9. MLX Kernel Benchmark: Group Size Performance
MINT assigns group size 32 to 85% of tensors. Does the MLX quantized matmul kernel handle this efficiently? We benchmarked across MLX versions.
| Scenario | MLX 0.29.3 | MLX 0.31.1 | Status |
|---|---|---|---|
| Generation g32/g128 | 1.07–1.14x penalty | 1.01–1.10x | Mostly fixed |
| Generation g64/g128 | ~1.05x | 1.00x | Fixed |
| Prefill g32/g128 | 1.8–2.2x | 1.00x | Fully fixed |
| Prefill g64/g128 | ~1.3x | 1.00x | Fixed |
Upstream fixes in MLX PRs #1861 and #2031 resolved the group_size performance regression. MINT’s preference for g32 is now viable at full speed.
10. Key Findings
MINT consistently outperforms uniform quantization and calibration-based GPTQ across all tested models:
- vs Uniform 4-bit: −2.0% to −3.4% median PPL at matched sizes
- vs GPTQ: −1.0% to −4.6% median PPL at matched sizes (data-free vs calibration-based)

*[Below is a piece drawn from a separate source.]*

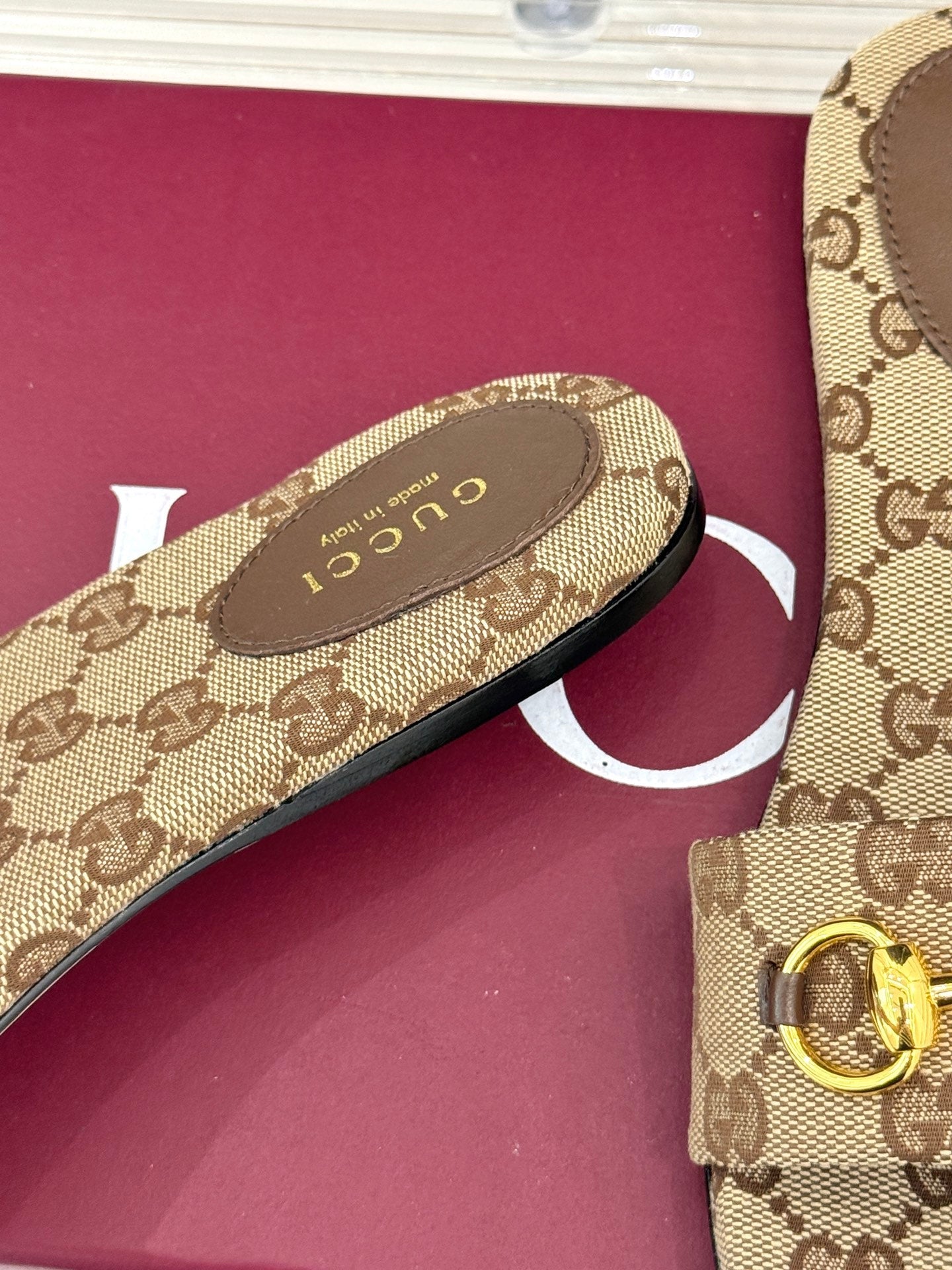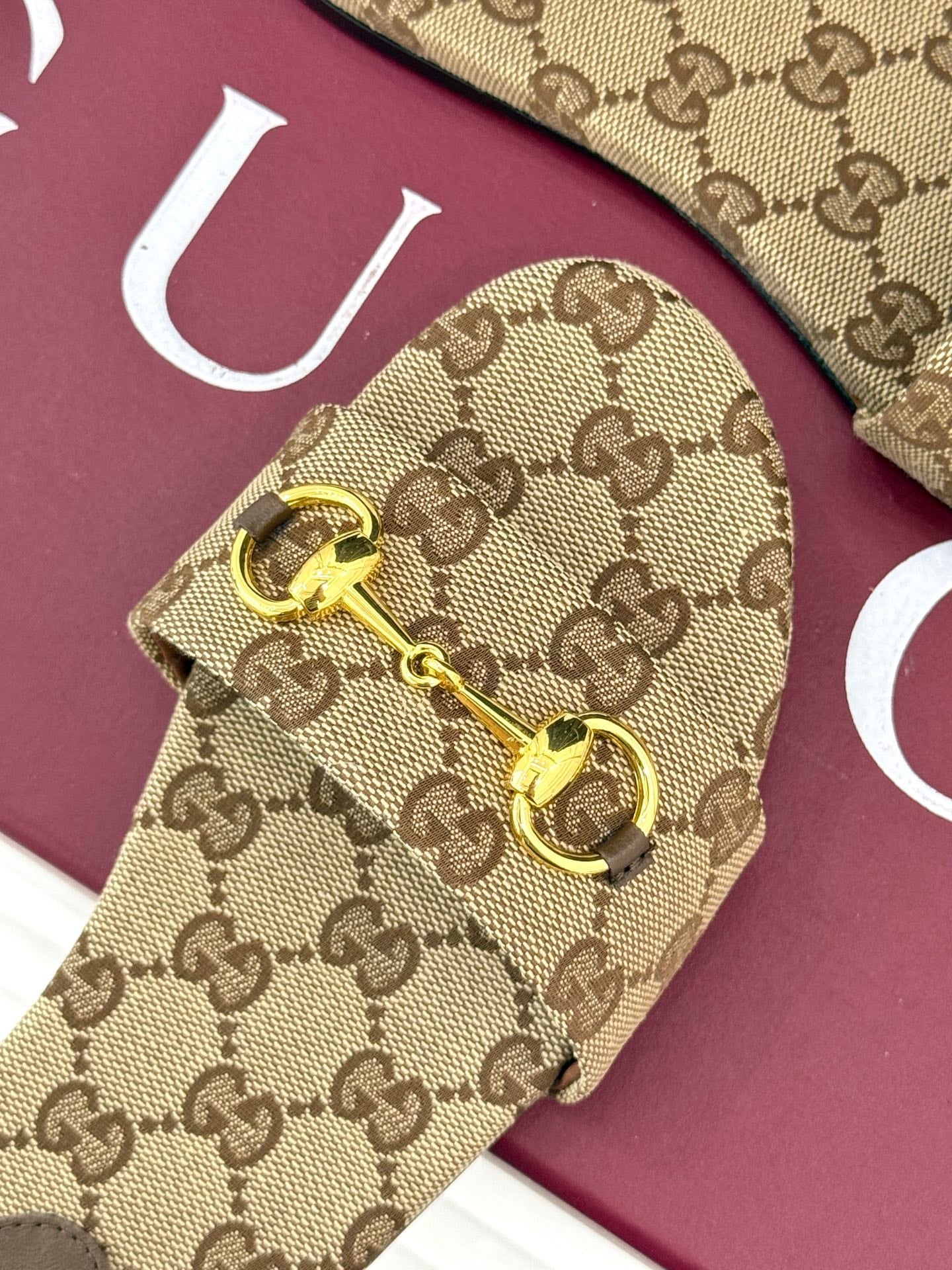 SLIDE SANDALS IN DARK BEIGE FABRIC EMBOSSED LOGO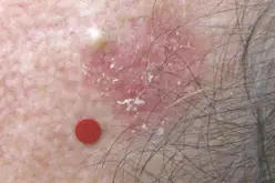 SCC generally appears as a crusted or scaly growth of the skin that is often red and inflamed. SCC can appear as a growing tumor, a nonhealing growth, or a thick crust. SCC is more common on sun-exposed areas, such as the face, neck, arms, legs, bald scalp, tops of the hands, and ears. However, SCC can appear anywhere on the body, even on the lips, inside the mouth, and on the genitalia. SCC is often tender or painful to the touch and can appear and grow quickly in 2 to 3 months [Figure 1].

- Downstream benchmarks preserved: All MINT-vs-uniform differences within standard error bounds across ARC-C, Winogrande, HellaSwag, MMLU (40,786 total questions)

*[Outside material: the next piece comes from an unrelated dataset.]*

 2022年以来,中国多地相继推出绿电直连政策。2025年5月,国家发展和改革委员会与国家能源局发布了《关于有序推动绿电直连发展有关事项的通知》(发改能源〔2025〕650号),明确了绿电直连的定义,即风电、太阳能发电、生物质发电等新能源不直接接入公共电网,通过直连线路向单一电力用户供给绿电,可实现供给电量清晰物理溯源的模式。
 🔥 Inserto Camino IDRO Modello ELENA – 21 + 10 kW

- Budget-targeted: Single analysis produces deployments from 46.9 GB to 163 GB on Llama-4-Scout (109B)
- MMLU saturates at ~37 GB (8 avg bits) despite PPL continuing to improve — confirming PPL as the primary optimisation metric
- Mean PPL is unreliable: On GLM-4.7-Flash, mean gives inverted quality ordering; median gives correct ranking
- min-bits=4 (default) is optimal: 3-bit allocations save space but cost 6.7% median PPL on GLM-4.7-Flash
- Throughput overhead: 2–4% generation on dense models, negligible prefill
- Reproducibility: MINT 21 GB MMLU verified by independent rerun (70.22% both times)

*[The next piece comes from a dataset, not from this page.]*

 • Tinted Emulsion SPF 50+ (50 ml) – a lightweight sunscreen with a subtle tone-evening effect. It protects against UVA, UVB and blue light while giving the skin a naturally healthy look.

All evaluations conducted on Apple M2 Ultra (192 GB unified memory). Perplexity: WikiText-2 test split, seq_len=2048, 128 sequences, seed 42. Downstream benchmarks: lm-evaluation-harness via MLX backend. ARC-Challenge (25-shot), Winogrande (5-shot), HellaSwag (10-shot), MMLU (5-shot, 14,015 questions). MLX 0.31.1, mlx_lm 0.30.4, Python 3.12.0. Full paper: baa.ai/articles/24-mint-paper.html. Code: github.com/baa-ai/MINT.